The over-representation of males and Hispanic patients in Eli Lilly’s Phase III ATTAIN-1 study could explain why orforglipron “underperformed” expectations in a previous readout, according to analysts at BMO Capital Markets.
After a disappointing topline readout last month, Eli Lilly shared a more complete picture of the late-stage performance of its closely watched weight-loss pill orforglipron.
Results from the Phase III ATTAIN-1 study, published Tuesday in the New England Journal of Medicine, showed that patients treated with 36-mg orforglipron lost 11.2% of their body weight after 72 weeks, compared to 2.1% in patients receiving placebo. In an efficacy estimand analysis—which assumes that all participants stayed on treatment without taking certain prohibited weight management therapies—orforglipron’s weight loss increased slightly to 12.4%, versus 0.9% in placebo comparators, according to the company’s release.
Writing to investors on Tuesday evening, analysts at BMO Capital Markets struck a positive tone. “Results are broadly positive” for Lilly, the analysts wrote, adding that the data “give us increased confidence in the competitive profile of orforglipron.”
After Tuesday’s data reveal, BMO also flagged certain demographic characteristics of ATTAIN-1, which the analysts said could help explain “why efficacy may have underperformed expectations.” In particular, the firm pointed to racial and gender differences: Around 36% of participants were male, they said, while roughly 38% identified as Hispanic or Latino.
“While this is a positive for applicability to an increasingly Hispanic U.S. population, this notably blunted efficacy,” the analysts contended, noting that it is a “known phenomenon” that people of Hispanic heritage have a “reduced sensitivity to GLP-1 agents.” Similarly, the lower enrollment of female patients, especially compared to Novo’s studies, is notable because “males commonly lose less weight” versus women, according to the note.
Orforglipron’s safety profile on Tuesday was “consistent” with what is known for the broader GLP-1 class, according to Lilly. Side effects were mild or moderate in severity, and most of them were gastrointestinal in nature.
Adverse events, according to BMO, “clearly reduce with time” according to data that the analysts were able to review. “We believe the slowing of symptom accumulation over time is promising for longer term use of orforglipron, especially in a maintenance setting.”
Lilly will present the ATTAIN-1 data on Wednesday at the 2025 European Association for the Study of Diabetes congress.

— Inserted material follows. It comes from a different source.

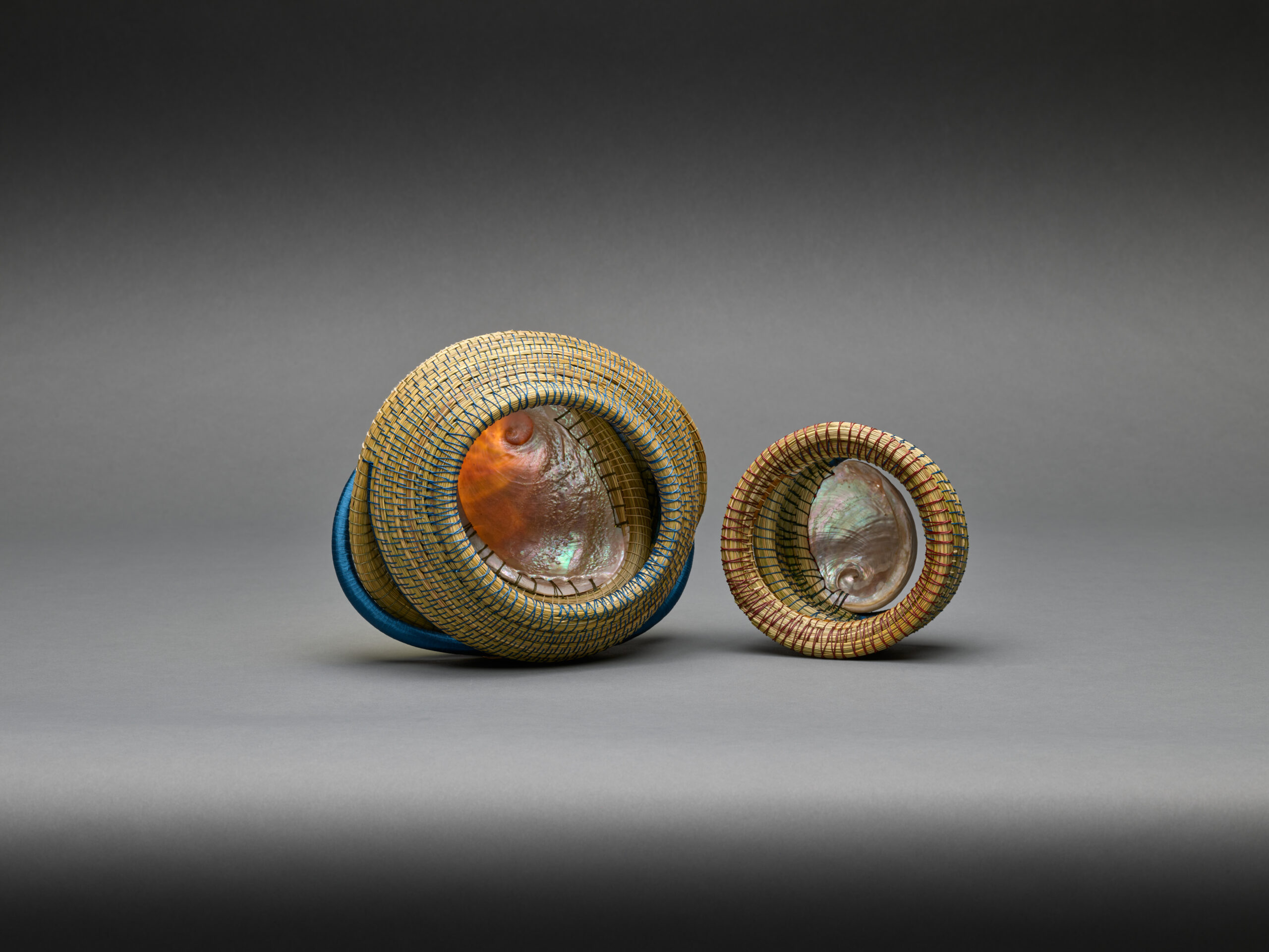 2025 | Sweetgrass, abalone, silk ribbon, waxed irish linen, jade beads | 4" x 6.5" x 6.5"
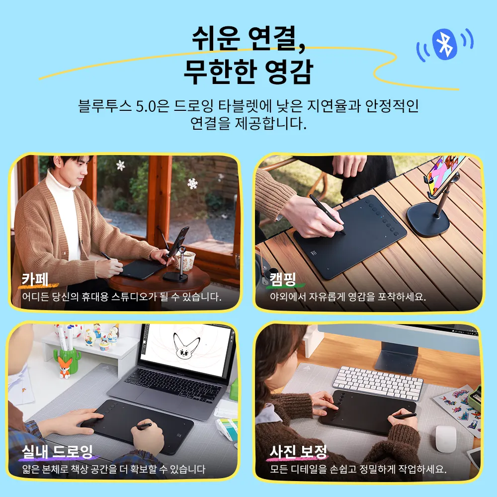 업그레이드된 블루투스 5.0으로 낮은 지연율과 높은 안정성으로 스마트폰, 태블릿, PC에 펜 타블렛을 연결할 수 있습니다. 복잡한 선 정리는 이제 그만하고 책상을 깔끔하게 유지하세요.

Analyst reactions to these new results are starkly different than to those in response to the topline data from ATTAIN-1 released by Lilly last month, which led the company’s stock to drop by 14% on Aug. 7.
That readout underwhelmed analysts as orforglipron was unable to match or outperform the subcutaneous formulation of rival Novo Nordisk’s Wegovy, which achieved a 13.7% weight reduction at 72 weeks in the SURMOUNT-5 study. An oral 50-mg dose of Wegovy, meanwhile, hit 12.7% weight loss in the OASIS-1 trial.